[Opening DATA section]
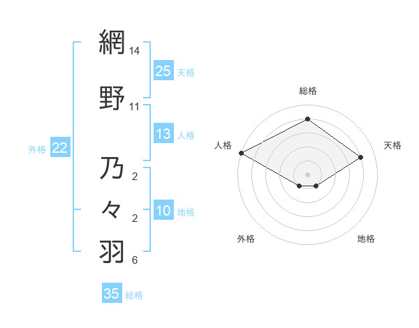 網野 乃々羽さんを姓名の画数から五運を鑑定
[Closing DATA section]
[Opening DATA section]
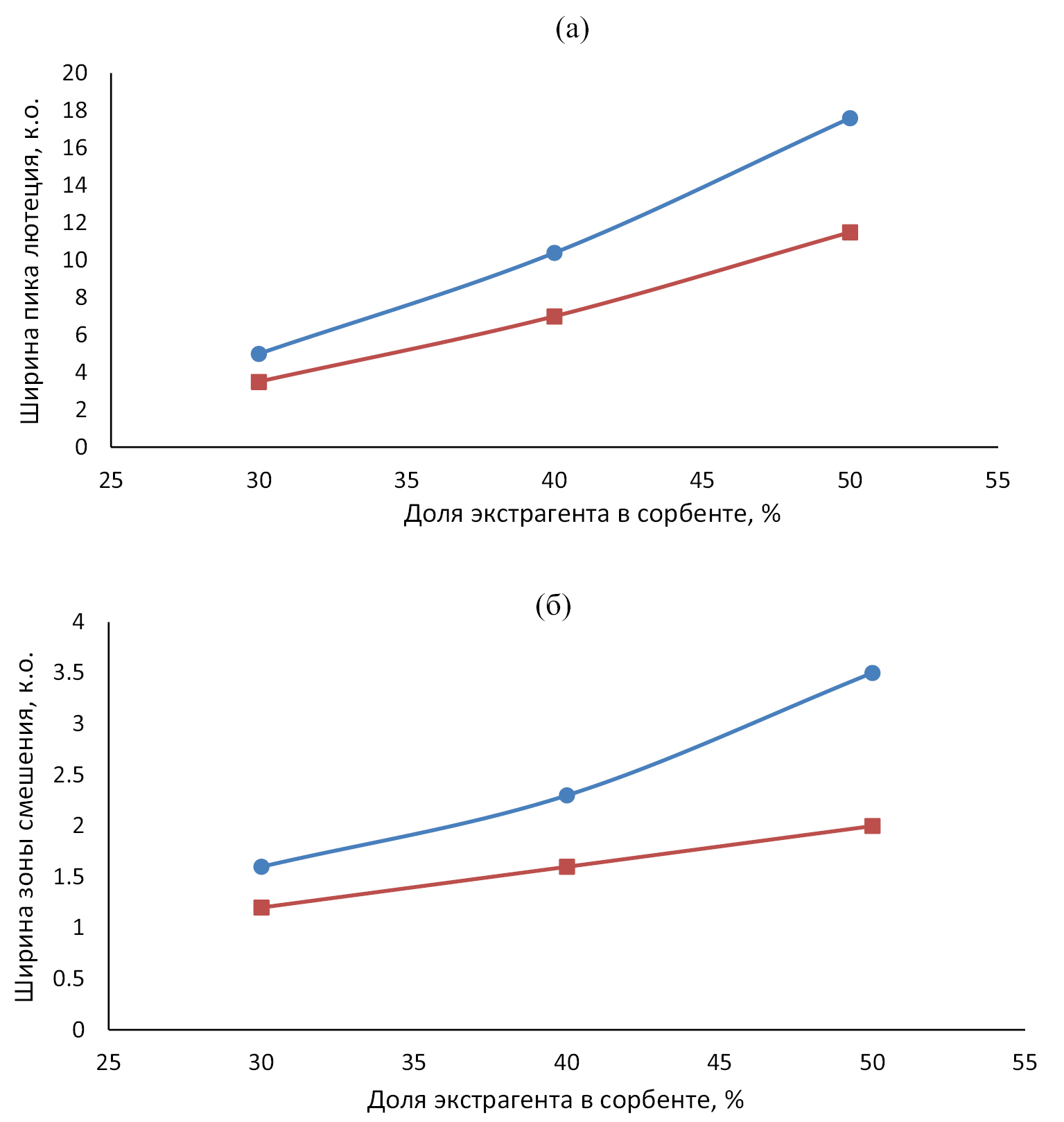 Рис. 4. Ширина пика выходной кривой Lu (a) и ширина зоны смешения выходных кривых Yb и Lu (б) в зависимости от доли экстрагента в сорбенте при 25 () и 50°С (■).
[Closing DATA section]
[Opening DATA section]
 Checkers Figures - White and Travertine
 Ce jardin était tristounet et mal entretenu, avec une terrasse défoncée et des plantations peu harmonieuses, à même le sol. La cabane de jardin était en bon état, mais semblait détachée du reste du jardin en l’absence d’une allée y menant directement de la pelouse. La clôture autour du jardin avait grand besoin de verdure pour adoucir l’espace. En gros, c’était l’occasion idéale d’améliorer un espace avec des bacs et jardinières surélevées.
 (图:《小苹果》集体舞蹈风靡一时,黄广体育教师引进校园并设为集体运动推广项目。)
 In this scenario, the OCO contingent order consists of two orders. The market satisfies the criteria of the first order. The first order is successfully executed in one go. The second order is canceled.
[Closing DATA section]
WORK TASK: Of all the entries above, output exactly the lines between the one holding "Ce jardin était" and the one holding "In this scenario, the", inclusive.

EXERCISE RESPONSE:
 Ce jardin était tristounet et mal entretenu, avec une terrasse défoncée et des plantations peu harmonieuses, à même le sol. La cabane de jardin était en bon état, mais semblait détachée du reste du jardin en l’absence d’une allée y menant directement de la pelouse. La clôture autour du jardin avait grand besoin de verdure pour adoucir l’espace. En gros, c’était l’occasion idéale d’améliorer un espace avec des bacs et jardinières surélevées.
 (图:《小苹果》集体舞蹈风靡一时,黄广体育教师引进校园并设为集体运动推广项目。)
 In this scenario, the OCO contingent order consists of two orders. The market satisfies the criteria of the first order. The first order is successfully executed in one go. The second order is canceled.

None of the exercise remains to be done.